Trials / Unknown
UnknownNCT06313424
Arthroscopic Treatment of Meniscal Lesions on Healthy Meniscus in Children and Adolescents
Arthroscopic Treatment of Meniscal Lesions on Healthy Meniscus in Children and Adolescents: Diagnostic Circumstances, Treatment and Results
- Status
- Unknown
- Phase
- —
- Study type
- Observational
- Enrollment
- 120 (estimated)
- Sponsor
- University Hospital, Strasbourg, France · Academic / Other
- Sex
- All
- Age
- 1 Year – 17 Years
- Healthy volunteers
- Not accepted
Summary
Meniscal lesions are common in pediatrics and mainly affect adolescents. These lesions can jeopardize the functional prognosis of the knee in the short, medium or long term if they are not well managed.

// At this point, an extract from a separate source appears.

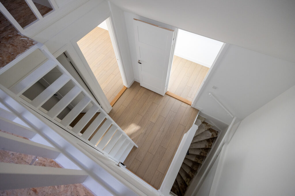 Tweede verdieping: middels een vaste trap bereikt u de tweede verdieping. Door het plaatsen van nieuwe dakkapellen zijn hier twee grote en een kleine kamer gerealiseerd. Tevens vindt u hier een tweede badkamer met vloerverwarming, douche, dubbele wastafel en toilet. Ook is er een leuke vide aanwezig; ideaal voor bijvoorbeeld een speelplek voor de kinderen of juist als extra bergruimte.

More precisely, it is a question of determining whether arthroscopic repair of isolated meniscal lesions in children gives good results and what factors influence them, with the aim of improving the care of children suffering from meniscal lesions. The treatment of meniscal lesions comes down to either conservative or restorative treatment or non-conservative treatment by meniscectomy. For most authors, the treatment of meniscal lesions must remain restorative through meniscal suture, leaving no room for meniscectomy. The open approach has given way to the arthroscopic approach which, according to the literature, is the gold standard. Meniscal lesions are varied and therefore there are numerous therapeutic procedures. Therapeutic indications are precise but the results of the treatments remain differently assessed depending on the studies; studies evaluating the results of treatment in the pediatric population are few in number. Based on this observation, the present study aims to describe the results of repairs of meniscal lesions in pediatric traumatology.
Conditions
Timeline
- Start date
- 2023-08-29
- Primary completion
- 2024-04-01
- Completion
- 2024-04-29
- First posted
- 2024-03-15
- Last updated
- 2024-03-15
Locations
1 site across 1 country: France
Source: ClinicalTrials.gov record NCT06313424. Inclusion in this directory is not an endorsement.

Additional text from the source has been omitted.